Not all economic historians agree with this analysis. Robert Allen's extremely impressive The British Industrial Revolution in Global Perspective places the origins of the Industrial Revolution in the British Midlands in in the eighteenth and early nineteenth centuries. In his view, the only road that could have generated modern economic growth is required the high imperialism-driven wages, the cheap coal next to an ample canal network, a strong demand for coal due to deforestation, the open trading network that allowed for a near-infinite expansion of textile exports, and sufficient protection of mercantile and industrial property as well: circumstances that had never been seen together before Britain in the eighteenth century, and might well have never been seen ever had that particular chance been missed. I find myself, these days at least, more of an Allenite than a Mokyrist.

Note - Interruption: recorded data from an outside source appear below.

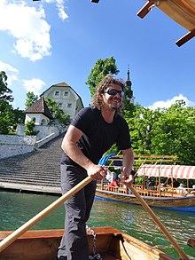 The pletna of Slovenia is rowed forward in the standing position with two oars.
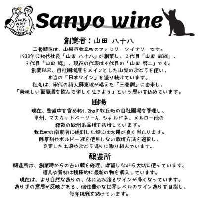 三洋醸造は、山梨県山梨市牧丘町にあるファミリーワイナリーです。創業以来、自社圃場産をメインとした山梨の葡萄を使い、本当の「日本ワイン」を作り続けています。社名の由来は、宋代の詩人蘇東坡が唱えた「三養訓」に由来し、「美味しい葡萄酒を飲んで楽しく生きよう」という思いが込められています。そんな三養醸造が贈るマスカットベーリーAとmakioka 赤2本セットを是非ご賞味ください。
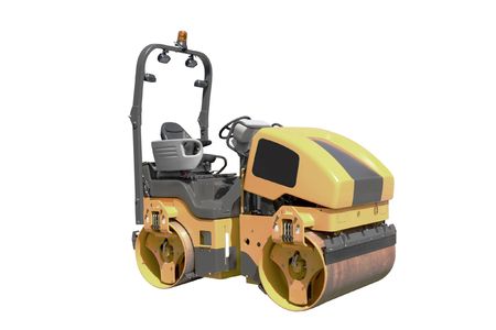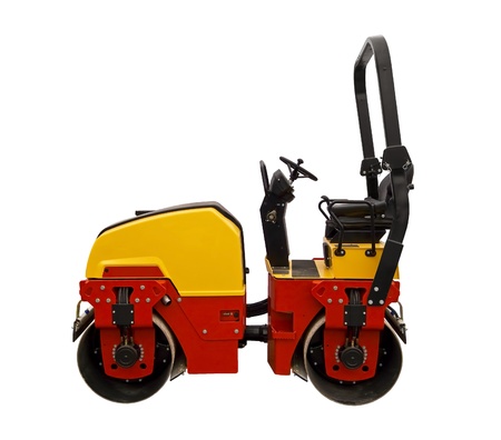 small motor vehicle or mini heavy steel roller wheel or steamroller for road making or street - highway construction isolated on white background with clipping path
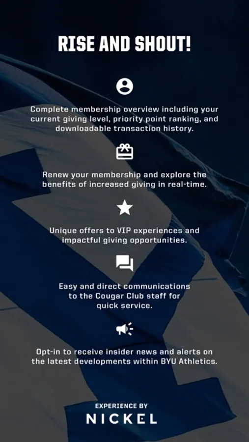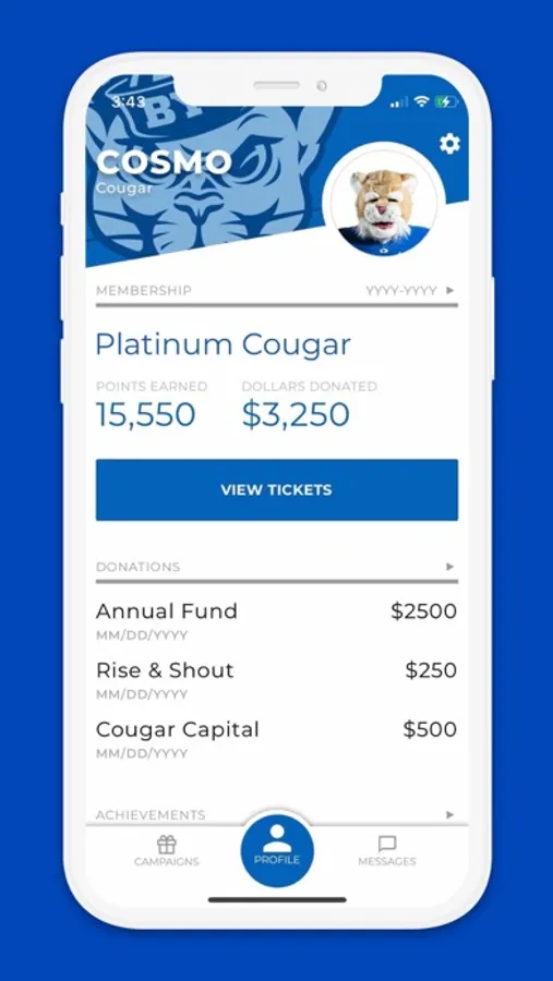Built exclusively for members of the BYU Cougar Club, and specifically designed to improve the donor's experience. Members, can easily manage their membership, receive first-look and exclusive content, and enjoy direct communications with Cougar Club staff from their mobile devices.

There are still other well-argued and possibly-right views: Michael Kremer holds that the roots of economic growth lie in the drift of the long run of history, as growing populations intent on improving productive efficiency added to the stock of accumulated knowledge behind technological innovation, adaptation and deployment. Avner Grief, Daron Acemoglu, Simon Johnson and James Robinson are the most eloquent current advocates of the Douglass North position that it was the emergence in Britain over 1500-1800 of institutions that made increasing productivity via economic cooperation and exchange more attractive than extracting wealth at the point of a spear or by means of a writ, and that was the key to setting in motion a virtuous circle of growth. Or it might have been luck. Or it might have been some combination of factors that do not correspond neatly to the way that historians and social scientists, with their sub-discipline-focused orientations, have used to conceptualize the issues.

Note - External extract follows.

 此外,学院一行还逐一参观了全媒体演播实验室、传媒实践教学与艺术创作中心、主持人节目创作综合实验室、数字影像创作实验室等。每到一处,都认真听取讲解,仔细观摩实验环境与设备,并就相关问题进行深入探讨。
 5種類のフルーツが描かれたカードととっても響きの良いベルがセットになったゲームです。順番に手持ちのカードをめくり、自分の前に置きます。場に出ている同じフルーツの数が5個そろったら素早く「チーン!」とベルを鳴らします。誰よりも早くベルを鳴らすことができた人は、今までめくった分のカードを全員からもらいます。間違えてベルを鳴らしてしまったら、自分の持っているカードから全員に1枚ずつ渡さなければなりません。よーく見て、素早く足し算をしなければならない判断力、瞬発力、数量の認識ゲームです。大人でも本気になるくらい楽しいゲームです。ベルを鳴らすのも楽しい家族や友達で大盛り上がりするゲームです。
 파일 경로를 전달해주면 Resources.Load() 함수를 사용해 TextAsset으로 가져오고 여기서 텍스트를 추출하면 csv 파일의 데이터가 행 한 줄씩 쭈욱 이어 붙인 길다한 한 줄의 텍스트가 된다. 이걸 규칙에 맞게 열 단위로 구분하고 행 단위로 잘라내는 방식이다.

Is Mokyr's argument correct? I tend to think the balance of the probabilities favours Allen's explanation. Yet I do not think there will be consensus on this issue. And I would not be greatly surprised if I were wrong, and Mokyr's brief — for it is a brief, and not a balanced presentation of the live possibilities — turned out to be the analysis that was most broadly correct.
Mokyr concludes, however, with a broadside. He accuses most of us concerned with the causal factors of the Industrial Revolution take of taking a too-narrow view of what it actually consisted of. In his view, the mechanisms through which early European intellectuals affected technological progress are deeper and more complex than simply "how much science was needed to build a spinning jenny". Industrialisation heralded in waves of science too; they grew in tandem. Ultimately, without the impetus of science, economic growth would have fizzled out after 1815. A Culture of Growthis certainly making me rethink.
Brad DeLong is an economic historian at the University of California, Berkeley.